As informações são do jornal O Estado de S. Paulo.



Resposta do CFP à notícia intitulada "PF apela à psicologia para algemar"

Falando Sério: Nenhuma forma de Violência vale a pena

Em matéria intitulada “PF apela à psicologia para algemar” publicada no jornal O Estado de São Paulo de 14 de setembro último, lemos o depoimento de duas psicólogas, pertencentes aos quadros da Polícia Federal, onde afirmam ser justificado o ato de algemar, indiscriminadamente, cidadãos que recebem voz de prisão por agentes da PF. Em que pese o lugar de onde opinam as profissionais- elas próprias parte da corporação policial em pauta- suas idéias e concepções não coincidem com os princípios que orientam hoje o debate da psicologia brasileira em torno do tema da justiça, segurança pública e defesa dos direitos humanos. O Sistema Conselhos de Psicologia ( Conselho Federal e Conselhos Regionais) estão próximos de realizar o II seminário sobre o sistema prisional brasileiro e o papel dos psicólogos. Na pauta ! desse seminário apontamos claramente para a tarefa urgente de tratarmos as políticas criminal, penitenciária e de segurança pública brasileiras como caso de calamidade pública merecendo a preocupação de toda a sociedade. Em nossos cárceres imundos mantemos cerca de meio milhão de seres humanos, preponderantemente jovens e miseráveis, muitos deles sem sentença condenatória e passando por todo tipo de violação de direitos. A violência do Estado, muitas vezes legitimada pela mídia, torna-se recurso natural nas ações de repressão aos atos infracionais.

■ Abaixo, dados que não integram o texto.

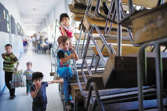 8月23日,在叙利亚首都大马士革的一所难民安置学校,孩子们在走廊上玩耍。 新华社记者 覃海石 摄
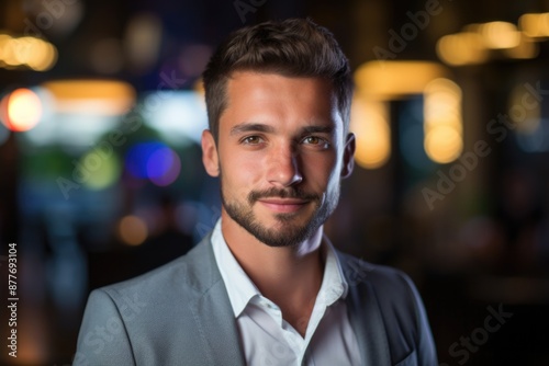 business person in a company interior with a chart background
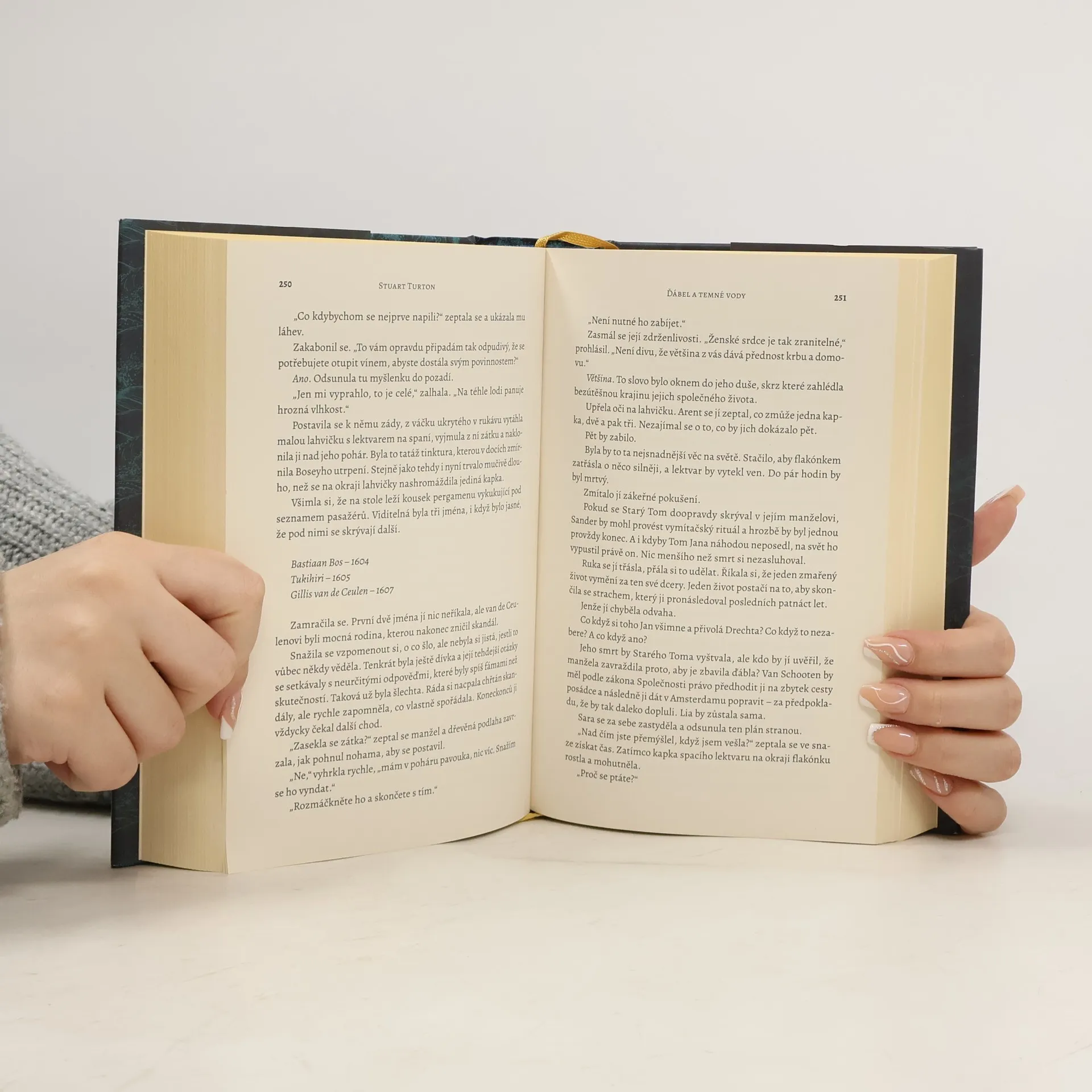 Nejlepší kniha roku 2020 na Amazonu! Mimořádný nový thriller z pera Stuarta Turtona, autora veleúspěšné mysteriózní krimi Sedm smrtí Evelyn Hardcastlové, která získala cenu Costa Best First Novel Award za nejlepší prvotinu. Vražda na širém moři. Dvojice pozoruhodných detektivů. Démon, který může a nemusí existovat. Píše se rok 1634 a Samuela Pippse, největšího detektiva na světě, vsazují do vězení na palubě lodi na cestě do Amsterdamu, kde má být popraven za zločin, který mohl a nemusel spáchat. Spolu s ním cestuje jeho osobní strážce Arent Hayes odhodlaný dokázat přítelovu nevinu. Osmiměsíční plavba z Batávie do Amsterdamu je však od samého začátku poznamenána nevyzpytatelnými ďábelskými událostmi. Po lodi se potlouká dvakrát zemřelý malomocný, na plachtách se objevují podivné symboly, někdo zmasakruje všechen dobytek chovaný na palubě. Vinen může být úplně každý. Dokonce i démon. Pipps sedí zavřený v zatuchlé cele a Arent je tudíž jediný, kdo dokáže vyřešit záhadu dotýkající se každého pasažéra na lodi. Jde o tajemství sahající hluboko do minulosti, které hrozí poslat loď ke dnu a s ní i všechny na palubě. Ďábel a temné vody potěší všechny příznivce Stephena Kinga. Jde o mrazivou, neotřelou variaci na dvojici detektivů známých z příběhů Sherlocka Holmese, zasazenou pod hlavičku žánrů jako je nadpřirozený horor nebo okultní detektivka, která se navíc odehrává na širém moři.

Ora, algemar sob o argumento de que o estresse torna os sujeitos humanos imprevisíveis é generalizar os fenômenos psicológicos, banalizando sua complexidade. Isso pode acabar por justificar a transformação de uma ação de prevenção em ato de ostentação de força e violência onde o sujeito abordado pode tornar-se vítima de humilhação social. Esse efetivamente não deve ser o papel da PF que tem demonstrado seriedade e cautela nas operações que todos acompanhamos nos últimos tempos. O uso da violência desqualifica sua conduta profissional, perdendo credibilidade social e o respeito dos cidadãos que acreditam nos princípios democráticos.
O Conselho Federal de Psicologia, em sintonia com a campanha das Comissões de Direitos Humanos do Sistema Conselhos de Psicologia, acredita que NENHUMA FORMA DE VIOLÊNCIA VALE A PENA.